Airline analysts say court should consider American merger with USAir 8.21.12
Interesting email commentary this morning from airline industry analysts at Air Insight on why the bankrutpcy court should go ahead and now consider a merger between American Airlines and US Airways.
American Airlines' request to abrogate union contracts with its pilots and impose cost reductions after an impasse in negotiations was rejected by the bankruptcy court last week, as AMR failed to demonstrate that a successful reorganization required ending restrictions on domestic airline marketing accords and pilot furloughs. While the ruling was narrow, it demonstrates the strength of the US Airways merger proposal, as that carrier has already received the support of American's unions and could avoid protracted negotiations for a new contract.

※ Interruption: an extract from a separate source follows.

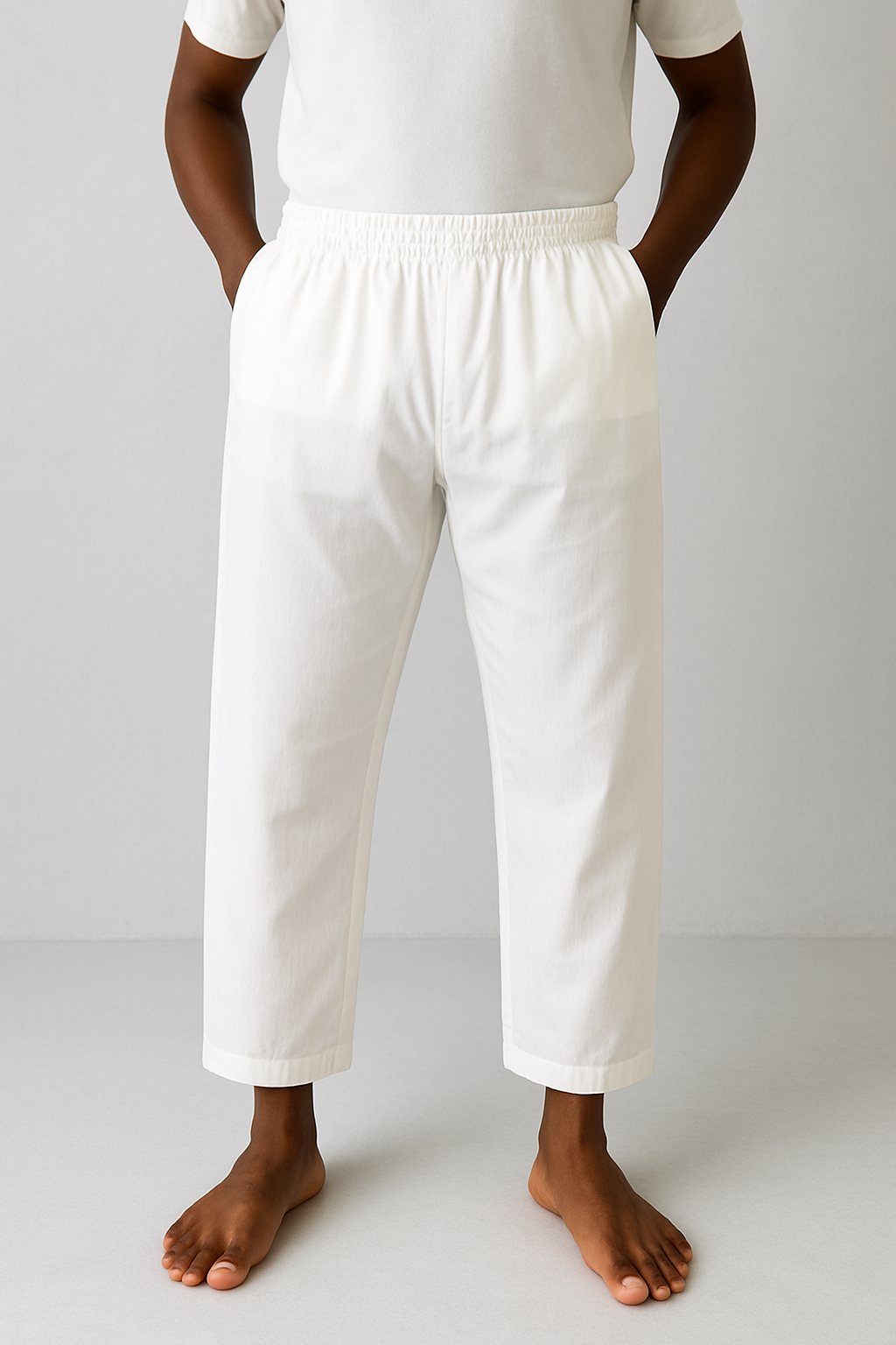 سروال جلابية سوداني أبيض تقليدي، يتم ارتداؤه عادةً مع الجلابية السودانية البيضاء أو الملونة، كما يمكن استخدامه كملابس منزلية مريحة. تصميمه الواسع يوفّر حرية الحركة والتهوية، خيار مثالي للراغبين في الجمع بين الراحة والأصالة في اللبس السوداني التقليدي.

The powerful creditors' committee responded to the court ruling by urging management and labor to reach a consensual agreement.

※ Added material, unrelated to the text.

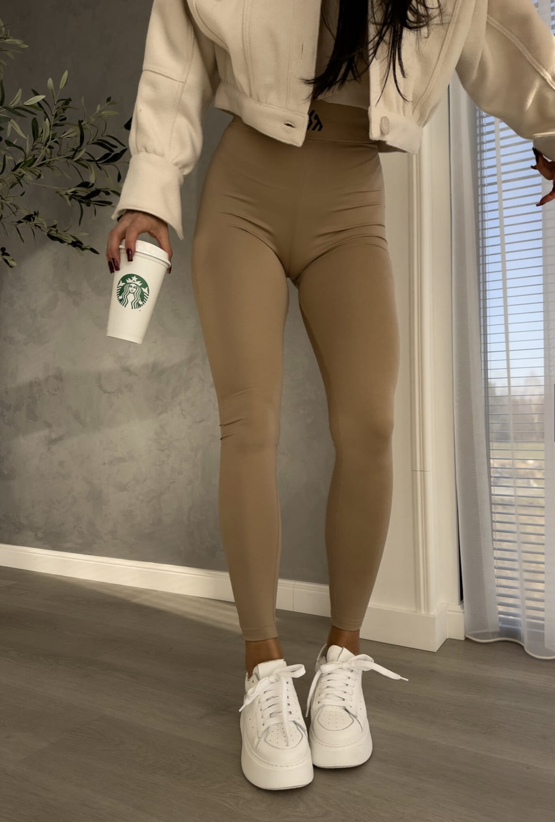 Legginsy Gym z bardzo ciągliwego materiału, logowany pas.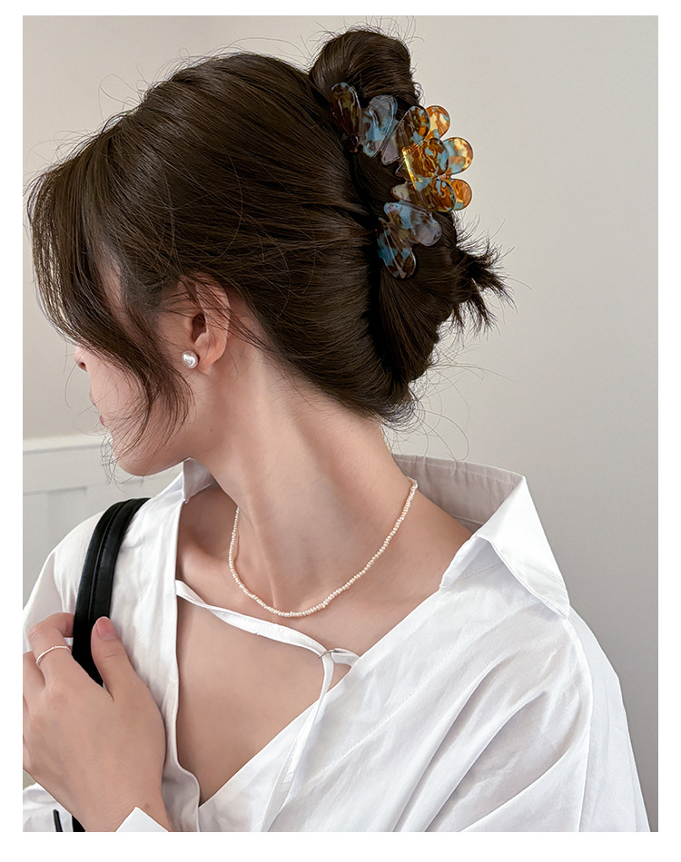【新款女法式❗️高级感醋酸花瓣发夹】盘发鲨鱼夹,简约气质抓夹,多发量也能夹住,耐摔耐用,后脑勺发抓夹子女鲨鱼夹鸭嘴夹发饰品L

Under the bankruptcy code, American has the exclusive right to propose a restructuring plan through the end of this year. The question is whether that plan would be acceptable to the parties in the bankruptcy, including labor and those holding both secured and unsecured debt. Our read of the situation is that those parties are now leaning the other way, and that unless American can produce something miraculous, the parties will invite the alternative proposal from USAirways for consideration once American submits its plan.
Labor is already in favor of the merger, and each of its major unions, APFA, APA and TWU, have all reached pro-forma labor accords with USAirways. If labor were to obtain shares in exchange for their concessions, they would likely vote for the merger.
The depth of labor problems at American is illustrated by the fact that negotiations with its pilots have been ongoing since 2006, and have remained apart on a contract for the last six years. American plans to resubmit a request and impose contract changes if the bankruptcy court approves them. But there are a host of reasons the court shouldn’t, and instead support the proposed merger with USAirways that its lenders and creditors favor.
American will still be required to negotiate a long-term contract with its pilots union, whether in bankruptcy or after emerging. Flight attendants are currently reviewing a contract vote on a “final” offer from American, while ground workers and the TWU have already ratified new contracts that include givebacks.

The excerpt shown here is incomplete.